> AIM OF THE EXERCISE
Starting at the line below that contains "楽天証券はまだ抽選中みたいですが、結果が出ましたらまた追記します。" and ending at the line that contains "スコアは800点が満点のとこ", retype each line exactly as it stands, but omit the pictures.

> DATASET CONTENT
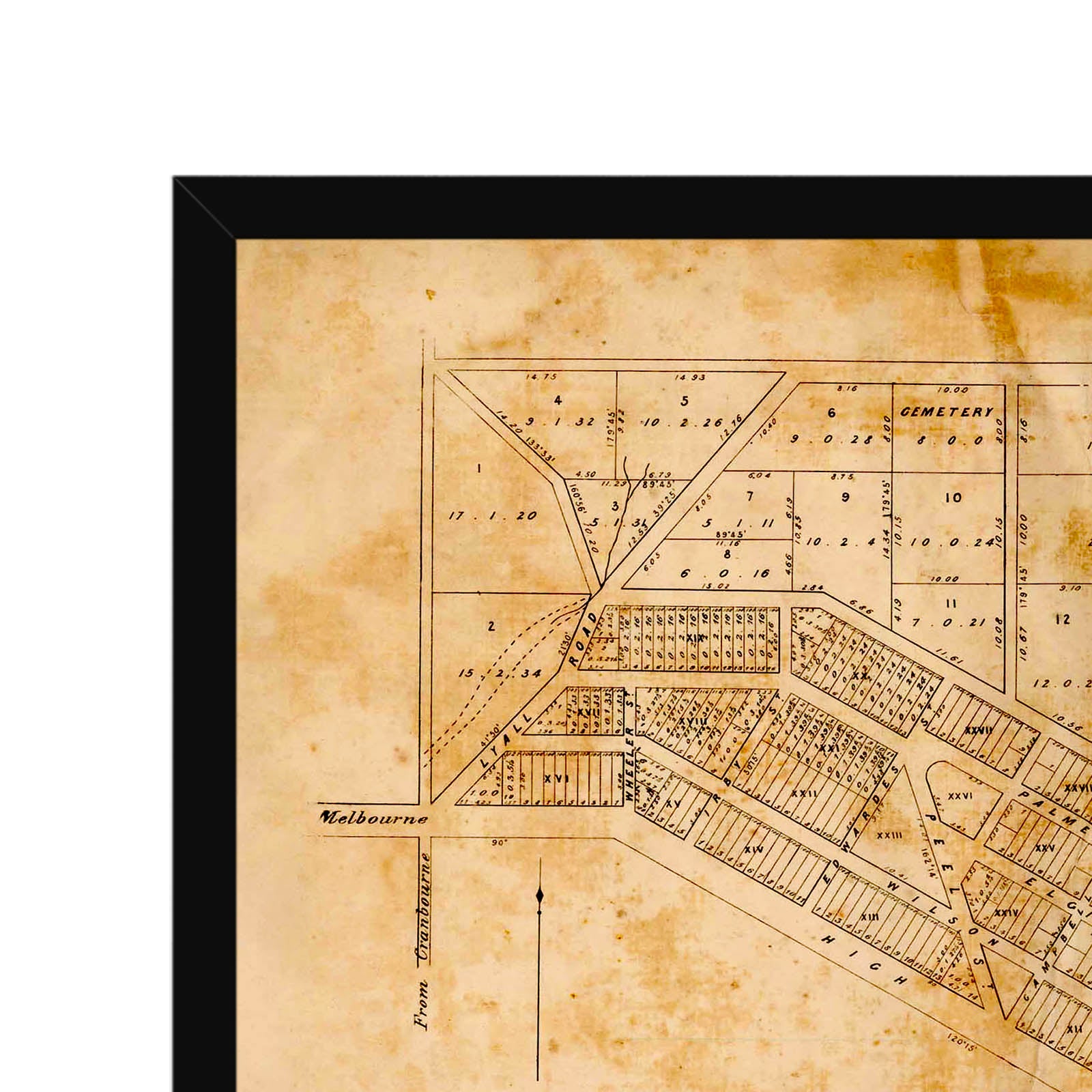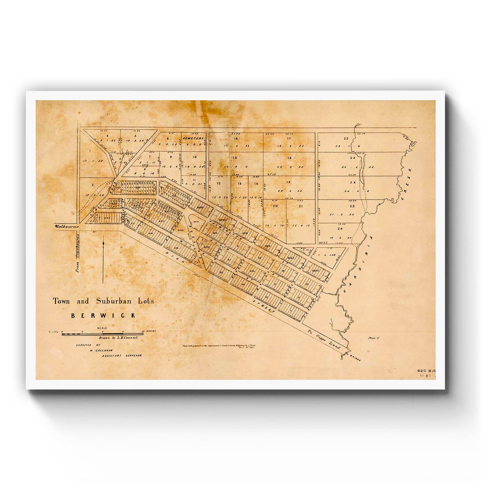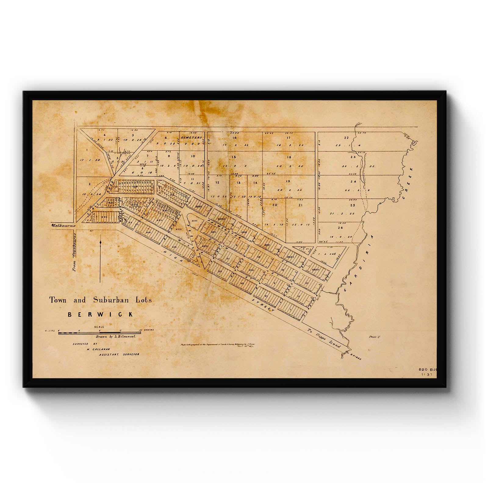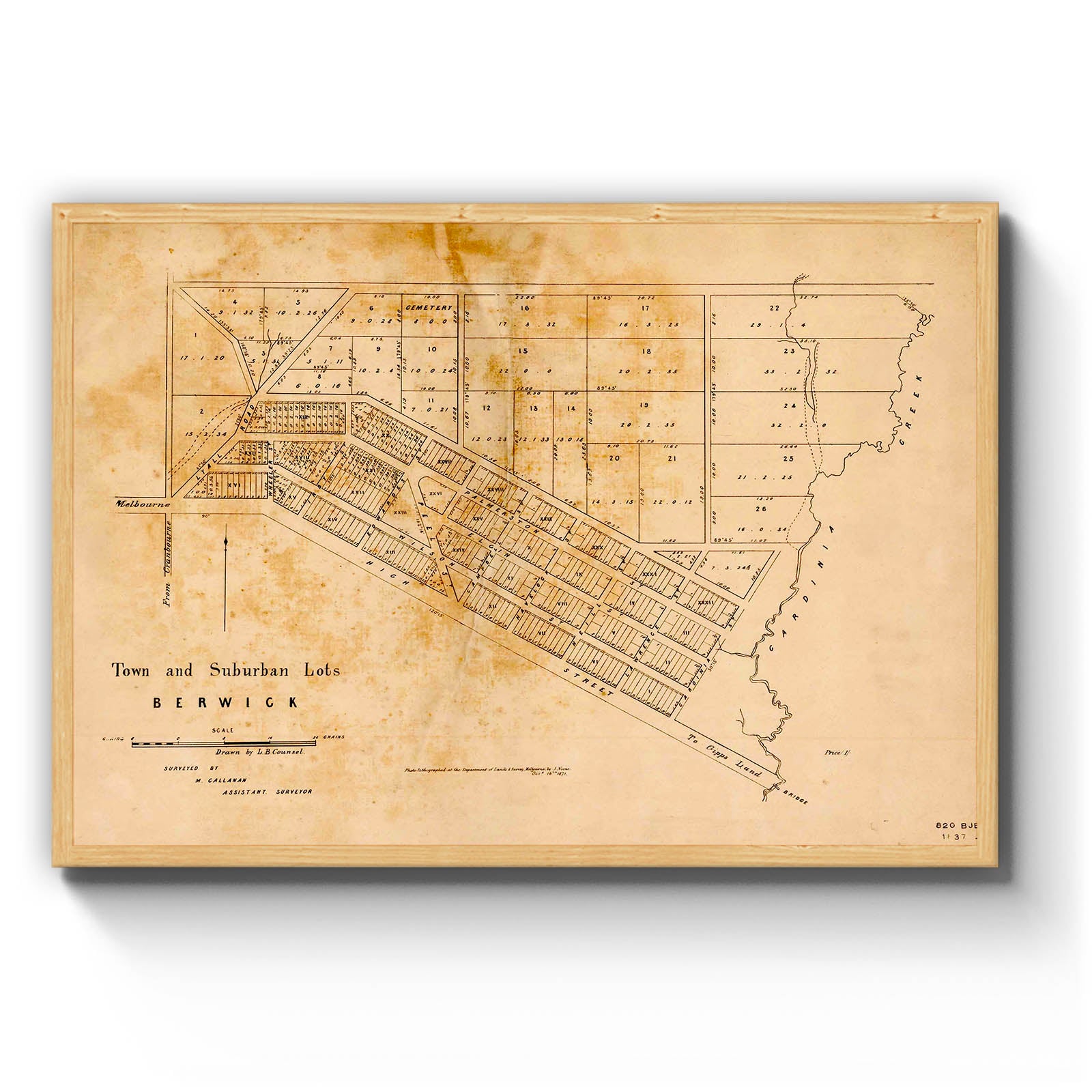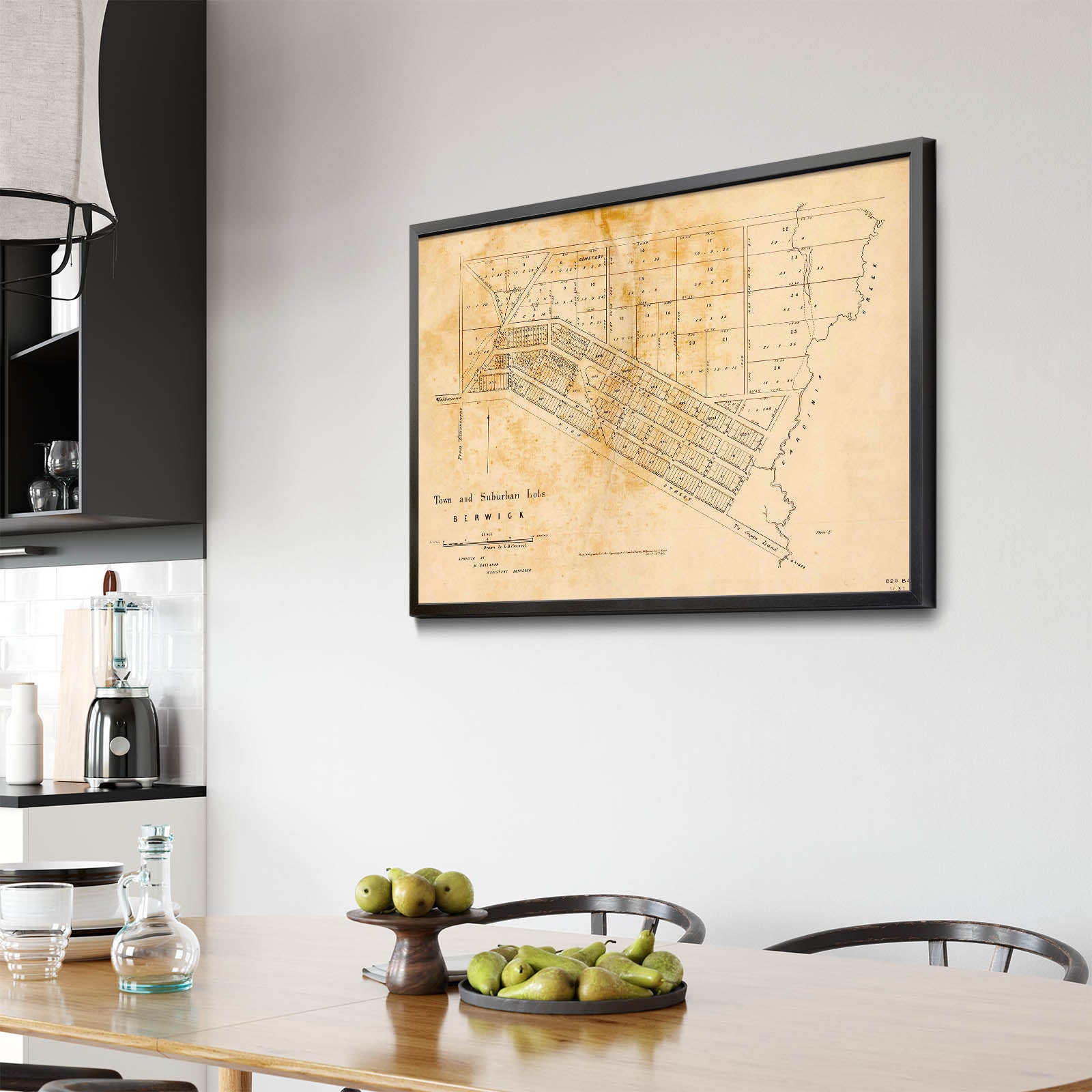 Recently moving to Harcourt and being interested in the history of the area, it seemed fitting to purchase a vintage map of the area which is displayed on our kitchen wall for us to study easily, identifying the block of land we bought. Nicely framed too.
==
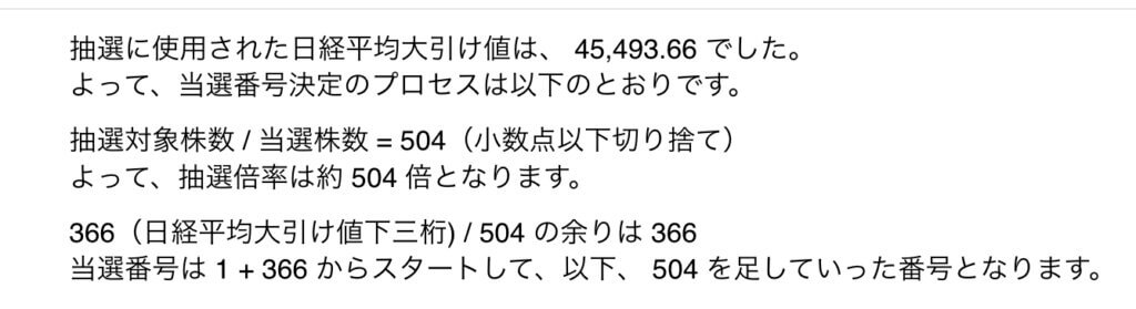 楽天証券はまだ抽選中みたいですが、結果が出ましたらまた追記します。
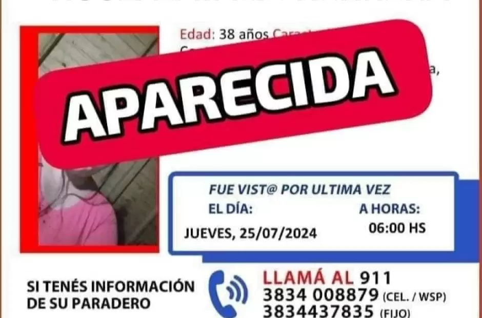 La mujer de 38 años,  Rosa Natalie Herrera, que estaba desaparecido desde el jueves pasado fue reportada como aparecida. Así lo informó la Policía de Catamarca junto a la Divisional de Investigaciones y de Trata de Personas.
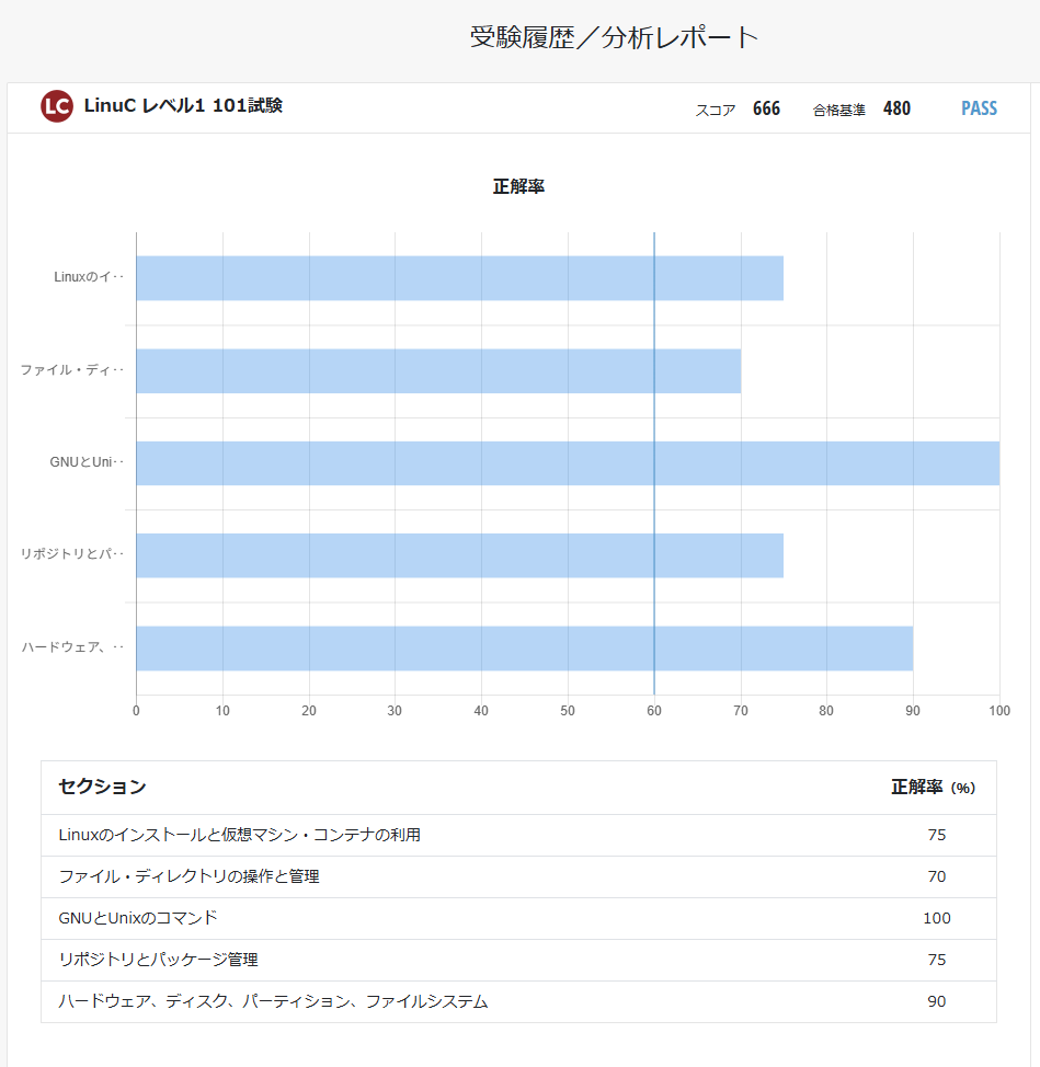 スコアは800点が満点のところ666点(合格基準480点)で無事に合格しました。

> TASK ANSWER
 楽天証券はまだ抽選中みたいですが、結果が出ましたらまた追記します。
 La mujer de 38 años,  Rosa Natalie Herrera, que estaba desaparecido desde el jueves pasado fue reportada como aparecida. Así lo informó la Policía de Catamarca junto a la Divisional de Investigaciones y de Trata de Personas.
 スコアは800点が満点のところ666点(合格基準480点)で無事に合格しました。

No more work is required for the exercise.